Please reproduce the data exactly and omit the pictures.

> [DATA EXTRACT]:
══════════════════════════════

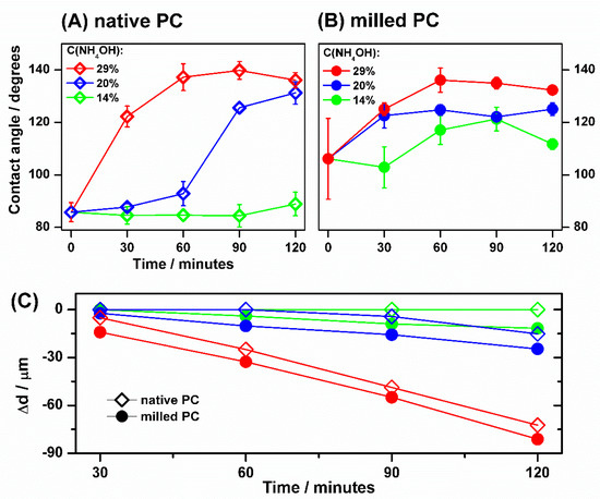 Contact angle of water on polycarbonate modified in ammonia solution with various concentrations (14—green, 20—blue and 29%—red) in the function of time of exposure for native PC (A, diamonds) and completely milled PC slabs (B, circles). The values of the contact angle are the averages of three measurements. (C) Effect of the ammonia solution concentration and duration of modification of native PC (diamonds) and completely milled PC slabs (circles) in the function of thickness of removed layer of PC surface.
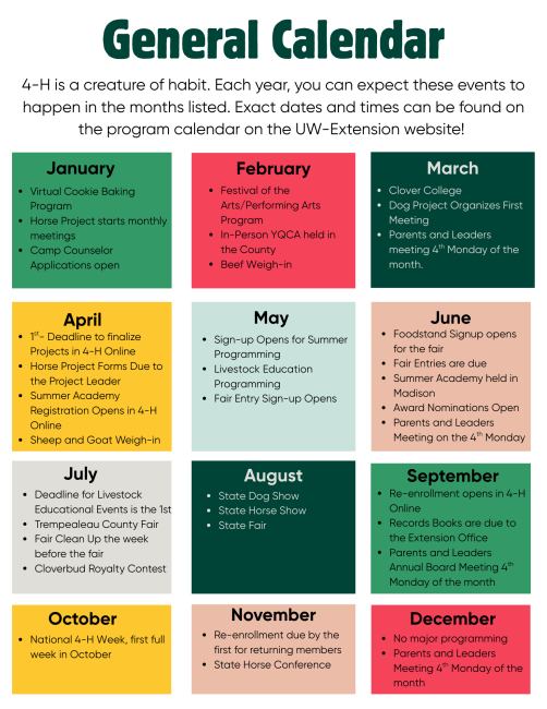 Also, check out our General 4-H Calendar for Trempealeau County. This is a rough calendar outline of what you can expect to see during the Trempealeau County 4-H year. The calendar includes some recurring deadlines and dates, as well as general month timelines for other events or activities, so you can have an idea of what to expect in the program and what to plan for. The calendar is linked to our website, so you can find out more information about the topic you are curious about!
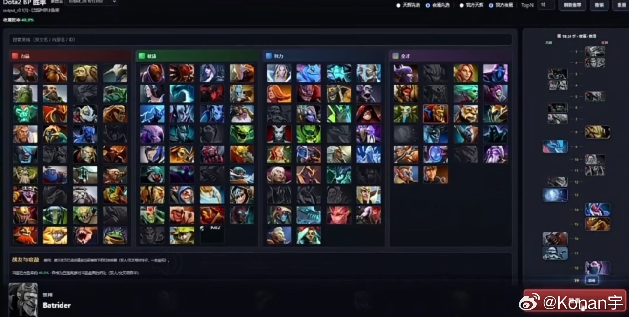 昨晚的勇气杯国土展示了杨哥俱乐部开发的AI bp胜率模拟,但是由于是刚开发阶段,目前输入的数据仅仅只是8500以下的路人数据和少量的比赛数据,所以还不够完善。dota2
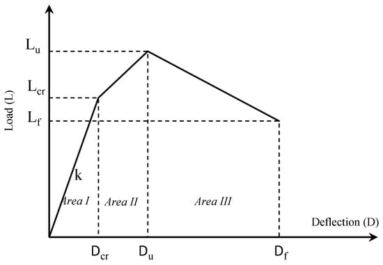 The load was applied until the slab failed. This test setup ensured the load on the slab specimen was uniformly applied. Load and deflection were recorded using a displacement gauge at the center of the slab as the load was applied until failure. Furthermore, to identify in the load-displacement curves, cracking load (Lcr), ultimate load (Lult), and failure load (Lf) stages were depicted in Figure 7. In this figure, the energy absorbed by the slabs was separated into three flexural toughness areas, namely Area I, Area II, and Area III. These areas characterize the flexural toughness for pre-cracking (Area I), cracked before achieving ultimate load (Area II), and post-cracking (Area III). Additionally, the initial stiffness (k) of the flexural load-displacement curve was calculated for the linear portion, as shown in Figure 7.

══════════════════════════════

> [WRITTEN RESPONSE]:
 Contact angle of water on polycarbonate modified in ammonia solution with various concentrations (14—green, 20—blue and 29%—red) in the function of time of exposure for native PC (A, diamonds) and completely milled PC slabs (B, circles). The values of the contact angle are the averages of three measurements. (C) Effect of the ammonia solution concentration and duration of modification of native PC (diamonds) and completely milled PC slabs (circles) in the function of thickness of removed layer of PC surface.
 Also, check out our General 4-H Calendar for Trempealeau County. This is a rough calendar outline of what you can expect to see during the Trempealeau County 4-H year. The calendar includes some recurring deadlines and dates, as well as general month timelines for other events or activities, so you can have an idea of what to expect in the program and what to plan for. The calendar is linked to our website, so you can find out more information about the topic you are curious about!
 昨晚的勇气杯国土展示了杨哥俱乐部开发的AI bp胜率模拟,但是由于是刚开发阶段,目前输入的数据仅仅只是8500以下的路人数据和少量的比赛数据,所以还不够完善。dota2
 The load was applied until the slab failed. This test setup ensured the load on the slab specimen was uniformly applied. Load and deflection were recorded using a displacement gauge at the center of the slab as the load was applied until failure. Furthermore, to identify in the load-displacement curves, cracking load (Lcr), ultimate load (Lult), and failure load (Lf) stages were depicted in Figure 7. In this figure, the energy absorbed by the slabs was separated into three flexural toughness areas, namely Area I, Area II, and Area III. These areas characterize the flexural toughness for pre-cracking (Area I), cracked before achieving ultimate load (Area II), and post-cracking (Area III). Additionally, the initial stiffness (k) of the flexural load-displacement curve was calculated for the linear portion, as shown in Figure 7.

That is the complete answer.